* Items from a data source
[Start of Attachment]
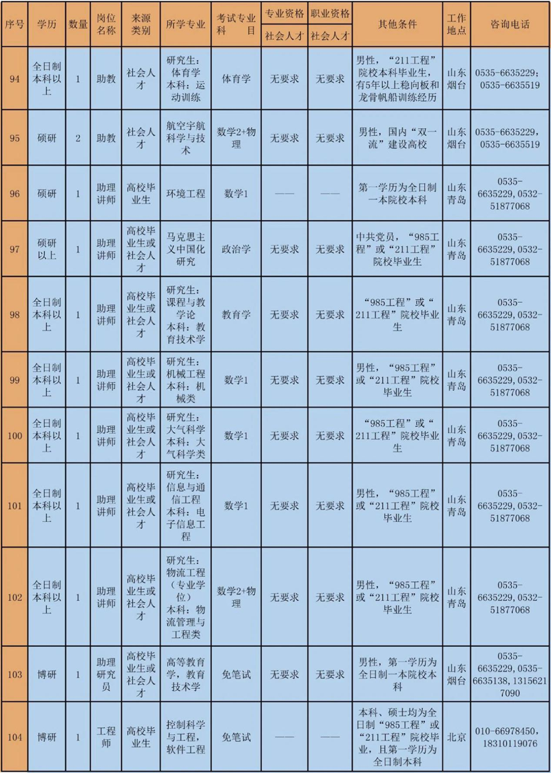 3. 資格條件。具有招考崗位要求的專業技術資格和職業資格。除法律法規明確規定的外,報考初級專業技術崗位,以及博士研究生報考中級專業技術崗位的,不作資格條件要求。
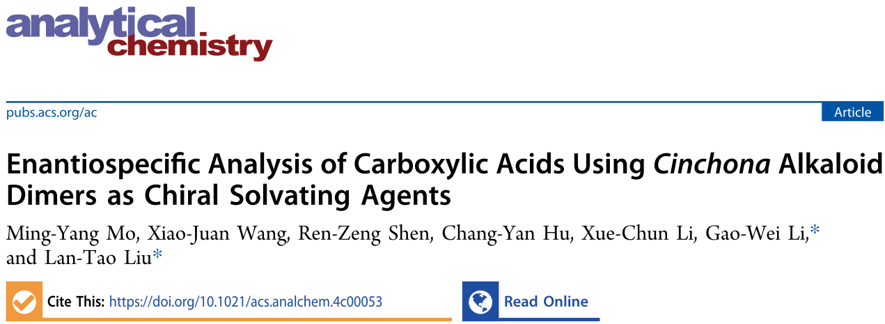 近日,BEAT365英国官网网站与郑州大学联合培养的2021级有机化学专业硕士研究生莫明洋作为第一作者在国际知名期刊Analytical Chemistry(中科院一区,IF=7.4,TOP期刊)上发表了题为“Enantiospecific Analysis of Carboxylic Acids Using Cinchona Alkaloid Dimers as Chiral Solvating Agents”的研究论文(论文链接:https://doi.org/10.1021/acs.analchem.4c00053)。该研究报道了一种基于金鸡纳碱二聚体为核磁共振手性位移试剂,通过核磁共振波谱技术对扁桃酸及其衍生物进行高效、快速与准确的手性识别与分析。
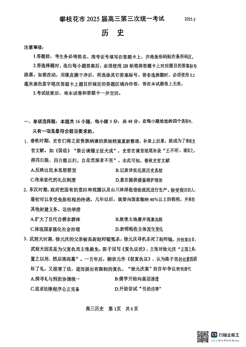 四川省攀枝花市2025届高三5月第三次统一模拟考试历史
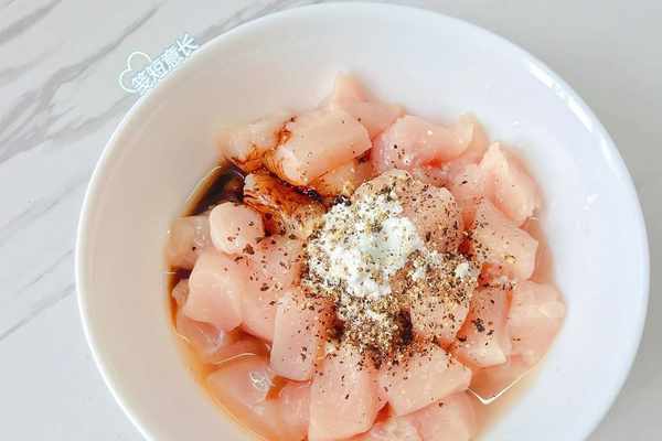 2、超市買的雞胸肉質肥厚,表層還會有一層白色的筋膜和肥油,食用之前先將雞胸肉用水洗凈,再將肥油和筋膜剔除幹凈,再切成大小均勻的雞丁裝入碗中,放入1勺料酒、1勺生抽、2克食鹽、1勺淀粉和少許黑胡椒粉後用手抓勻,讓調料將雞丁充分裹勻後醃制10分鐘左右。
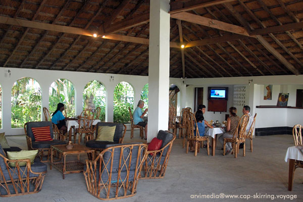 Le jardin exotique donne accès à une grande salle très aérée où il fait bon se retrouver le matin pour le petit déjeuner.
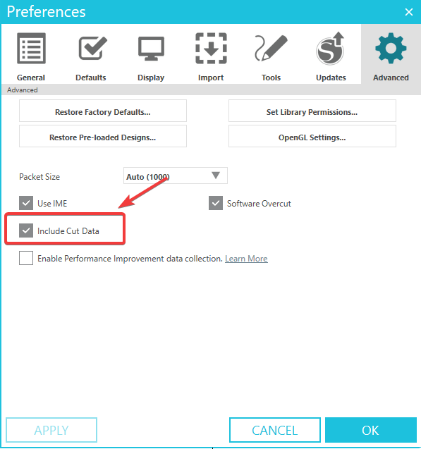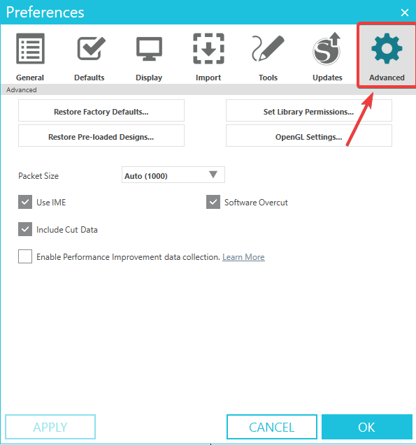 - Navigate to the Settings in Silhouette Studio and select Preferences and then Advanced.
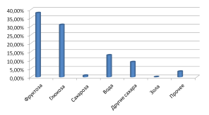 В начале исследования рассмотрим состав меда. Основными компонентами мёда является: фруктоза (38,0 %), глюкоза (31,0 %), сахароза (1,0 %), вода (13,0–20,0 %), другие сахара (мальтоза, мелицитоза и т.д) 9,0 %, зола (0,17 %), прочее (3,38 %). В составе преобладают органические кислоты, из которых наибольшее количество приходится на яблочную кислоту. Мед богат витаминами [4].
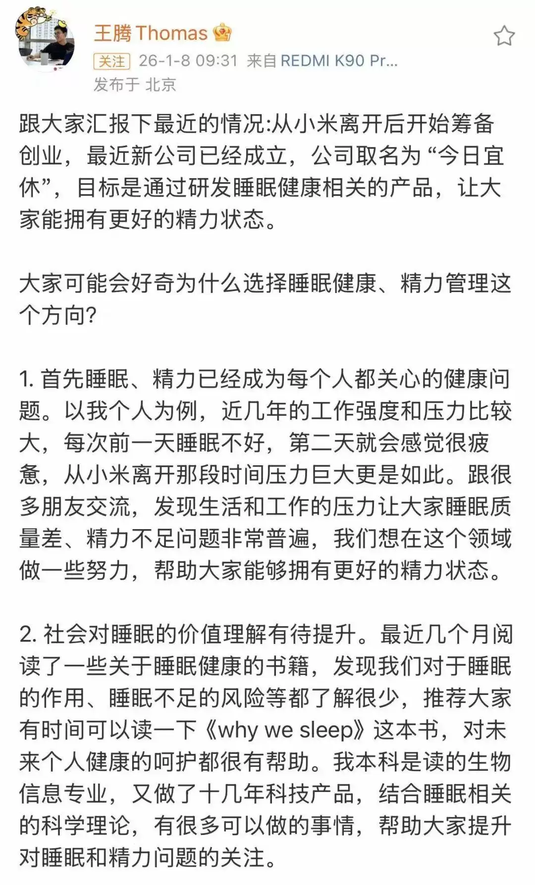 他表示,自从小米离职后,便一直在筹备创业项目。如今,新公司已正式成立,取名“今日宜休”,目标是研发睡眠健康相关的产品,帮助大家改善精力状态。
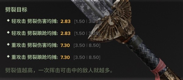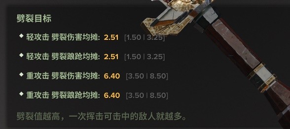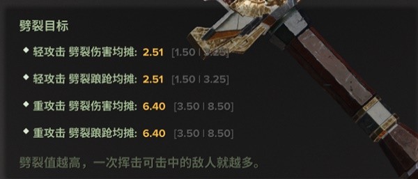 2.劈裂目标。很多老哥都说这项数值并不重要,理由是就算能劈多几个人但是它分摊的伤害不能造成秒杀的话,意义就不是很大了。
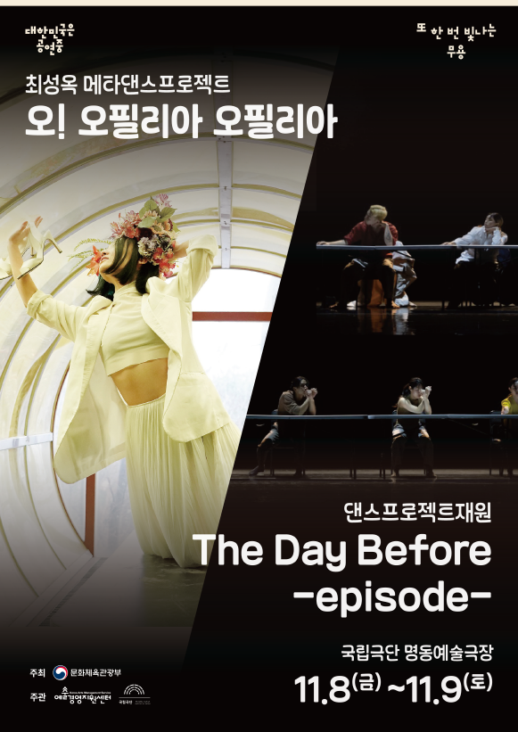 11월 8일(금)~9일(토) 이틀간 '또 한 번 빛나는 무용' 프로그램을 통해 현대무용의 다채로운 레퍼토리를 선보인다. 최성옥 메타댄스 프로젝트의 '오! 오필리아 오필리아'는 셰익스피어의 고전 '햄릿'에 등장하는 오필리아의 비극적인 삶과 사랑을 2인무로 재조명한다.
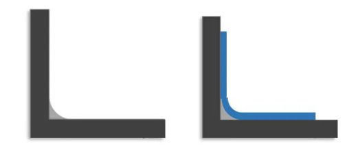 陰角、管根、落水口位置涂膜厚度遠大于平面涂膜厚度。
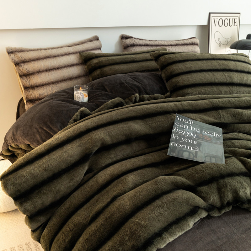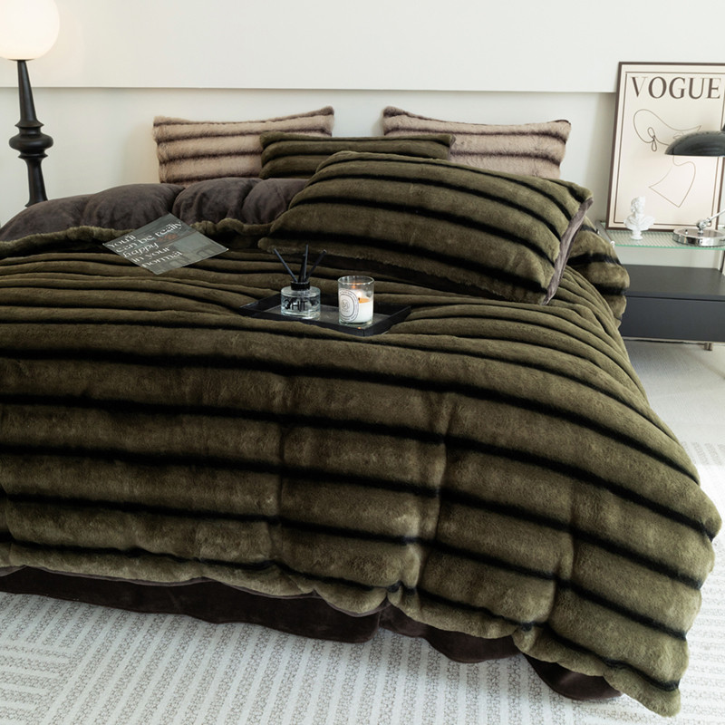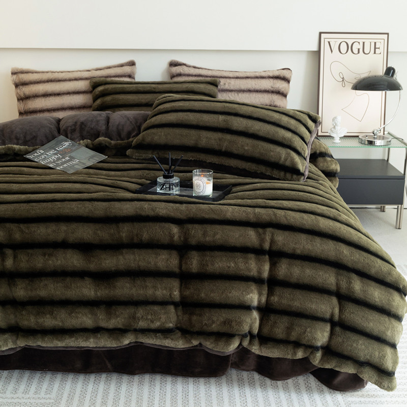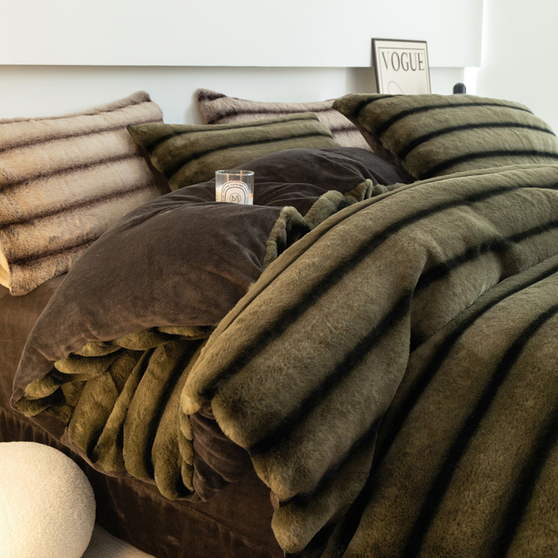 商品名称:满座 2025新款全消光牛奶绒兔兔绒仿兔毛双面印丹麦貂美拉德系列四件套 墨绿
[End of Attachment]
* Your instructions
Write out nothing but the lines from the start of the data through the line with "- Navigate to". Leave out the pictures.

* Solution to this task
 3. 資格條件。具有招考崗位要求的專業技術資格和職業資格。除法律法規明確規定的外,報考初級專業技術崗位,以及博士研究生報考中級專業技術崗位的,不作資格條件要求。
 近日,BEAT365英国官网网站与郑州大学联合培养的2021级有机化学专业硕士研究生莫明洋作为第一作者在国际知名期刊Analytical Chemistry(中科院一区,IF=7.4,TOP期刊)上发表了题为“Enantiospecific Analysis of Carboxylic Acids Using Cinchona Alkaloid Dimers as Chiral Solvating Agents”的研究论文(论文链接:https://doi.org/10.1021/acs.analchem.4c00053)。该研究报道了一种基于金鸡纳碱二聚体为核磁共振手性位移试剂,通过核磁共振波谱技术对扁桃酸及其衍生物进行高效、快速与准确的手性识别与分析。
 四川省攀枝花市2025届高三5月第三次统一模拟考试历史
 2、超市買的雞胸肉質肥厚,表層還會有一層白色的筋膜和肥油,食用之前先將雞胸肉用水洗凈,再將肥油和筋膜剔除幹凈,再切成大小均勻的雞丁裝入碗中,放入1勺料酒、1勺生抽、2克食鹽、1勺淀粉和少許黑胡椒粉後用手抓勻,讓調料將雞丁充分裹勻後醃制10分鐘左右。
 Le jardin exotique donne accès à une grande salle très aérée où il fait bon se retrouver le matin pour le petit déjeuner.
 - Navigate to the Settings in Silhouette Studio and select Preferences and then Advanced.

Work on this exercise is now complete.